You are given a graph interface:


int[] getConnections(int userID)
In this interface, you can give a userID, then it returns all IDs of his 
friends.


Now please implement the following functions:
(1) bool is1stDegreeConnection(int srcUserID, int destUserID)
    it returns whether destUserID is the friend of srcUserID


(2) bool is2ndDegreeConnection(int srcUserID, int destUserID)
    it returns whether destUserID is the friend of srcUserID's friends
        Tried different algorithms and finally got the most optimized one.


(3) bool is3rdDegreeConnection(int srcUserID, int destUserID)
    it returns whether destUserID is the srcUserID's friends' friend
        (3) is an open question, no need to write codes.
        


Round 5:


You have thousands of web server and database machines in a datacenter, and 
each of them continuously generate real-time statistics data, such as CPU 
Utilization, Memory Usage, JVM statistics, etc.


There are also two services. One is figure plotting service, who will plot 
figures for all the collected statistics data by some machine learning 
algorithm, and the other one is alerting service, who will detect abnormal 
behaviours of the machines and sending alert emails or SMS to the 
administrators.


Please design this monitoring system, including describing how the 
statistics data are collected by the two services and what is the bottleneck
in your monitoring system. The system should be with high scalability and 
availability. During this design, had a discussion about consistent hashing,
Zookeeper and HDFS.


Round 6:
Hiring Manager Interview (30 minutes) and one short system design (20 
minutes) about the cooperation of old-interface machines and new-interface 
machines.




4. A家

电面1:
(1) 10 minutes behavior questions
(2) 10 minutes knowledge-based questions such as memory management, thread 
sync, data structure, C++, etc
(3) Search the kth node from the last of a linked list.
(4) word ladder II


电面2:
(1) 20 minutes behavior questions
(2) 15 minutes discussion about block storage related to my work
(3) Given the sbrk() function in Unix, implement a memory management module,
which should basically provides malloc() and free() interfaces.
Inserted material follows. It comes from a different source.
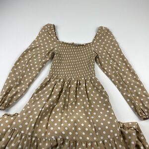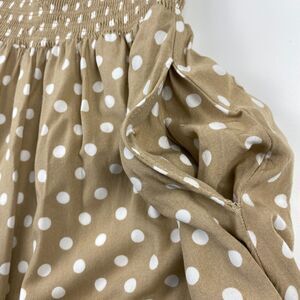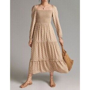 Anthropologie Dolan Left Coast Womens Smocked Midi Polka Dot Dress Small Beige

Onsite interview 是通过 Jebber Video 进行的, 早上5点到10点共五轮.


Round 1:


(1) First 20 minutes all about behavior questions.


(2) Search a target number in a right shifted sorted array, which is 
distributed in hundreds of machines in a datacenter.


Round 2:


1. LeetCode上word search的变种
   
2. 在1中我用到了trie树来加速搜索,于是实现trie树, 包括插入/查询操作.


3. 在1和2的代码中如何对数据进行压缩以节省内存




Round 3:


(1) First 20 minutes all about behavior questions.


(2) Fully discussion on my projects. 


(3) 针对我做过的两个项目, 推翻项目中的一些假设, 提出新的问题, 看如何设计新的
方案解决.




Round 4:


这一轮是hiring manager, 所以问的都是behavior questions, 例如why Amazon, how 
to handle conficts, how to handle deadlines, any case you insist on 
something, etc. 最后问了一个小的设计题.


Round 5:
(1). First 20 minutes all about behavior questions.


(2). 设计Flickr, 包括图片上传, newsfeed, 点赞, 评论等功能的设计和数据库的
scheme. 其中还问到了会用AWS中的那些product去实现设计的系统.